## ACTIVITY:
Reproduce each line of the material exactly, minus any picture.

## DATASET CONTENT:

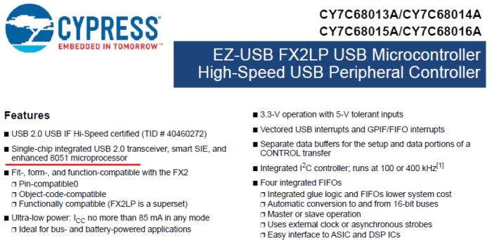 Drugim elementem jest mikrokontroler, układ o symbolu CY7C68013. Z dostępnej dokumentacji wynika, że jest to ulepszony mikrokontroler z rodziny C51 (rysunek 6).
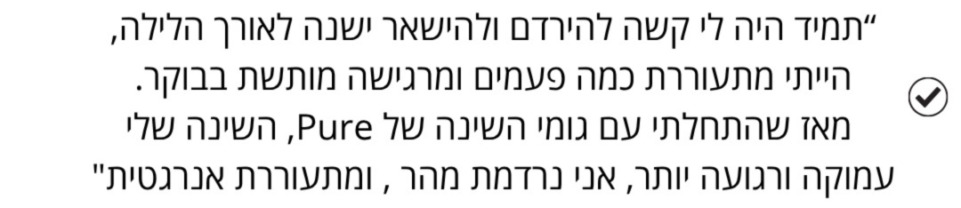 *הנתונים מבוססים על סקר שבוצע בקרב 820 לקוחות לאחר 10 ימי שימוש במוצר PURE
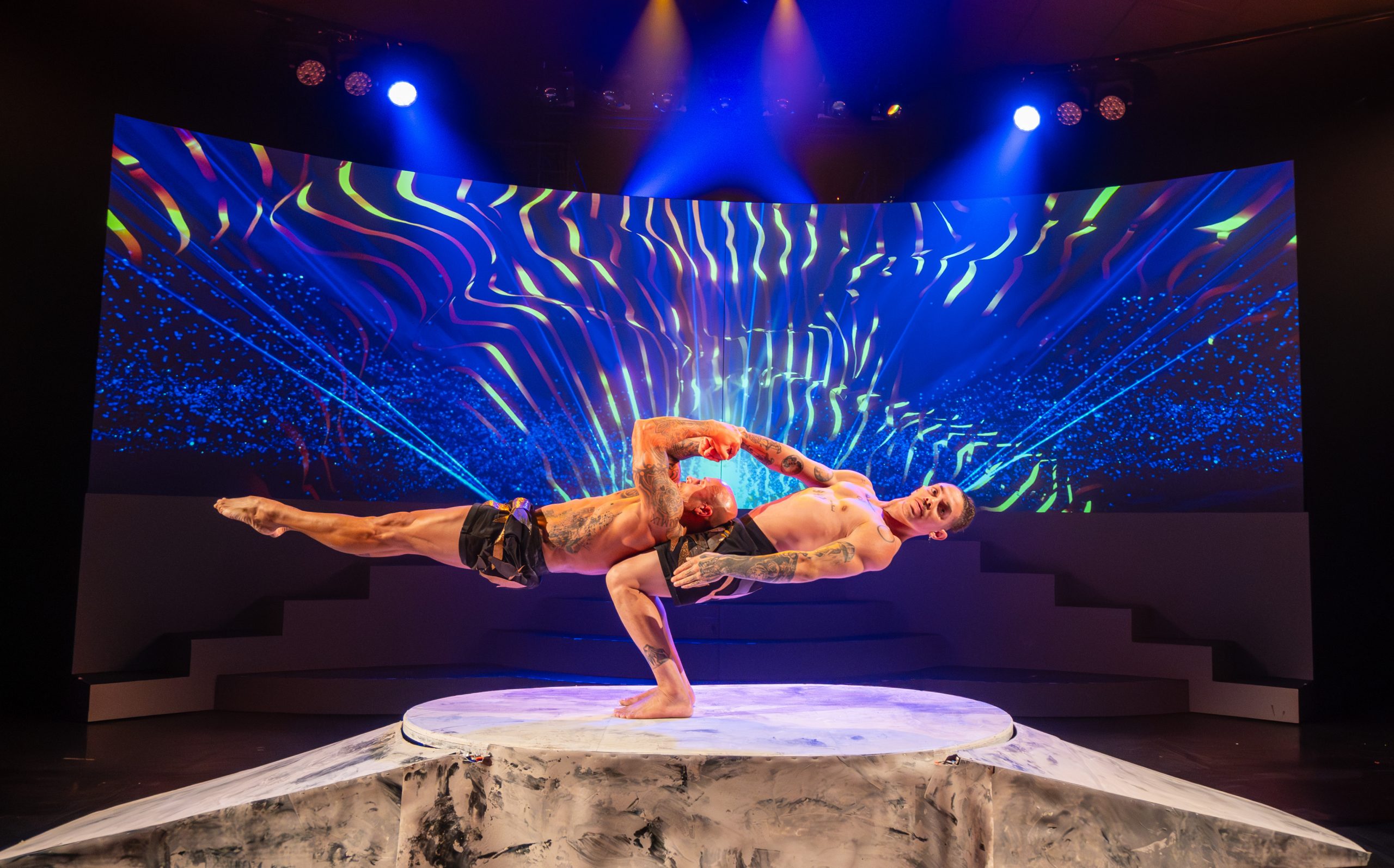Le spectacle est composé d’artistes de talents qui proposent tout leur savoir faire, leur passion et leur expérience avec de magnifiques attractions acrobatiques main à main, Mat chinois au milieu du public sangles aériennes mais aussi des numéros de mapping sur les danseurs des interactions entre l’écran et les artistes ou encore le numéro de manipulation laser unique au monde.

## SOLUTION TO THE PROBLEM:
 Drugim elementem jest mikrokontroler, układ o symbolu CY7C68013. Z dostępnej dokumentacji wynika, że jest to ulepszony mikrokontroler z rodziny C51 (rysunek 6).
 *הנתונים מבוססים על סקר שבוצע בקרב 820 לקוחות לאחר 10 ימי שימוש במוצר PURE
Le spectacle est composé d’artistes de talents qui proposent tout leur savoir faire, leur passion et leur expérience avec de magnifiques attractions acrobatiques main à main, Mat chinois au milieu du public sangles aériennes mais aussi des numéros de mapping sur les danseurs des interactions entre l’écran et les artistes ou encore le numéro de manipulation laser unique au monde.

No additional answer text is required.